--- Extracted material Enclosed Below ---

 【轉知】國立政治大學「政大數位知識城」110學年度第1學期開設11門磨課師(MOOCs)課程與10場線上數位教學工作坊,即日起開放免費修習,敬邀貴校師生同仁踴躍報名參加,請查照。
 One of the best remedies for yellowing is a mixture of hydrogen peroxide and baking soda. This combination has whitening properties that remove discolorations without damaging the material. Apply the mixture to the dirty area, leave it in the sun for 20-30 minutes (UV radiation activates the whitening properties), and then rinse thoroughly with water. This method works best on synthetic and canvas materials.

--- End of Enclosed Extracted material ---
--- Extracted material Enclosed Below ---

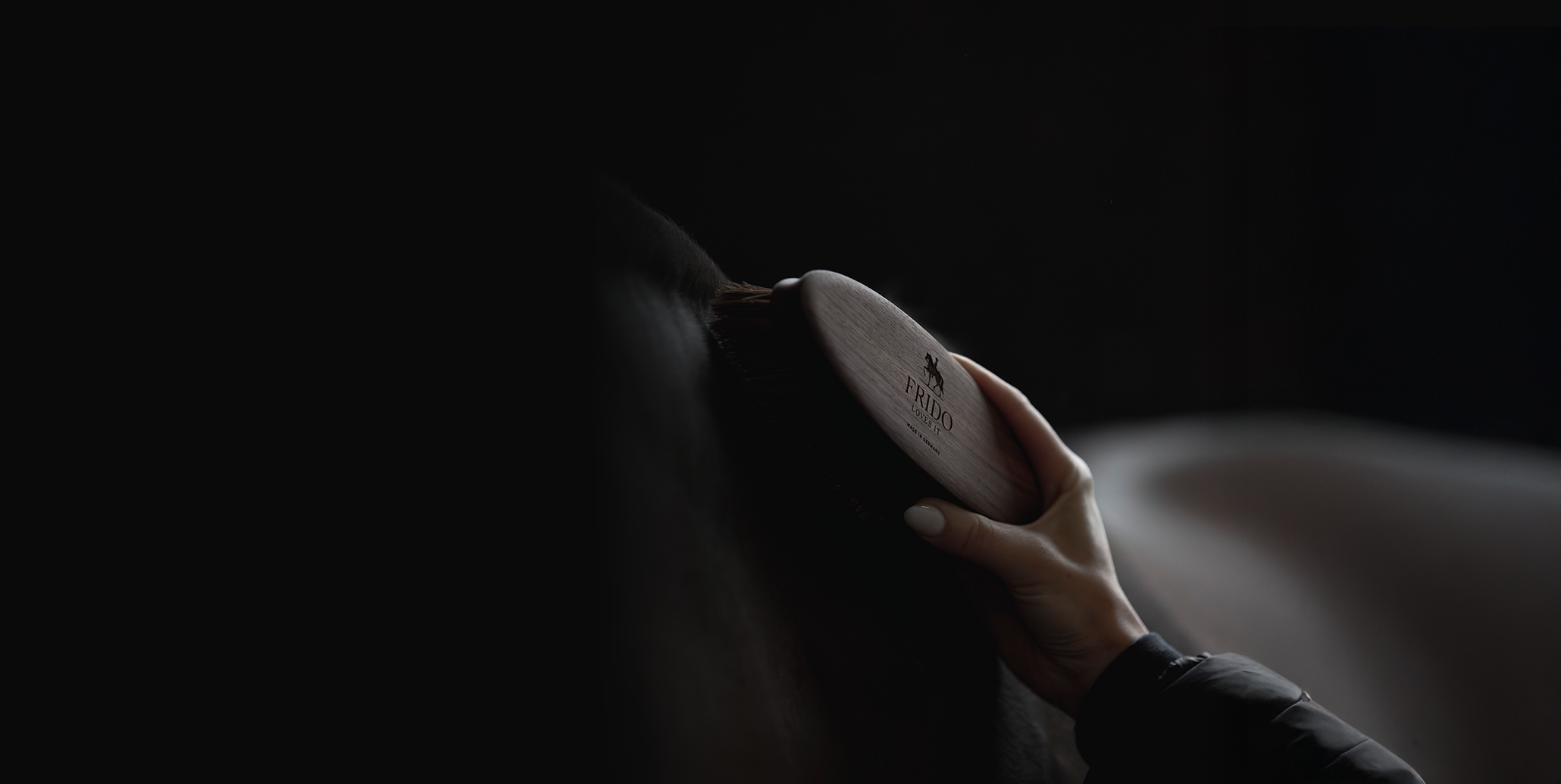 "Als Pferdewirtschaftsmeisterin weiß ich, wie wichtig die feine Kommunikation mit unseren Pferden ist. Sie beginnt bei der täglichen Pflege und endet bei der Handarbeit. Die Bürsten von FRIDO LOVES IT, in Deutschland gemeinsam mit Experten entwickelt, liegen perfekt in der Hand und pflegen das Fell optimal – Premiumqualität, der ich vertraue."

--- End of Enclosed Extracted material ---
--- Extracted material Enclosed Below ---

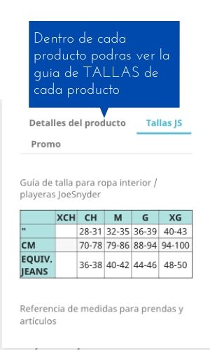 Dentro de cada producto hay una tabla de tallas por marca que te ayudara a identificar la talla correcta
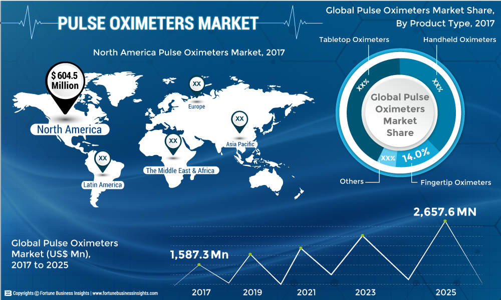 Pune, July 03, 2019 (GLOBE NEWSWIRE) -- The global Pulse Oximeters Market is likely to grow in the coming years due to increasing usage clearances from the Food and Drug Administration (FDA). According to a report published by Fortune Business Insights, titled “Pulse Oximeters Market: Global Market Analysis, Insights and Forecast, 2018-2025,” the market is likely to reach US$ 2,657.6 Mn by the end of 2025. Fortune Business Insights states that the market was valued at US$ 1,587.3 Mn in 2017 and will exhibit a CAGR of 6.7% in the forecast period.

--- End of Enclosed Extracted material ---

▶ [Problem to work on] Find the line with "Dentro de cada" and the line with "Pune, July 03, 2019" in the records above. Copy both and all lines between them exactly, without pictures.

▶ [Task result]
 Dentro de cada producto hay una tabla de tallas por marca que te ayudara a identificar la talla correcta
 Pune, July 03, 2019 (GLOBE NEWSWIRE) -- The global Pulse Oximeters Market is likely to grow in the coming years due to increasing usage clearances from the Food and Drug Administration (FDA). According to a report published by Fortune Business Insights, titled “Pulse Oximeters Market: Global Market Analysis, Insights and Forecast, 2018-2025,” the market is likely to reach US$ 2,657.6 Mn by the end of 2025. Fortune Business Insights states that the market was valued at US$ 1,587.3 Mn in 2017 and will exhibit a CAGR of 6.7% in the forecast period.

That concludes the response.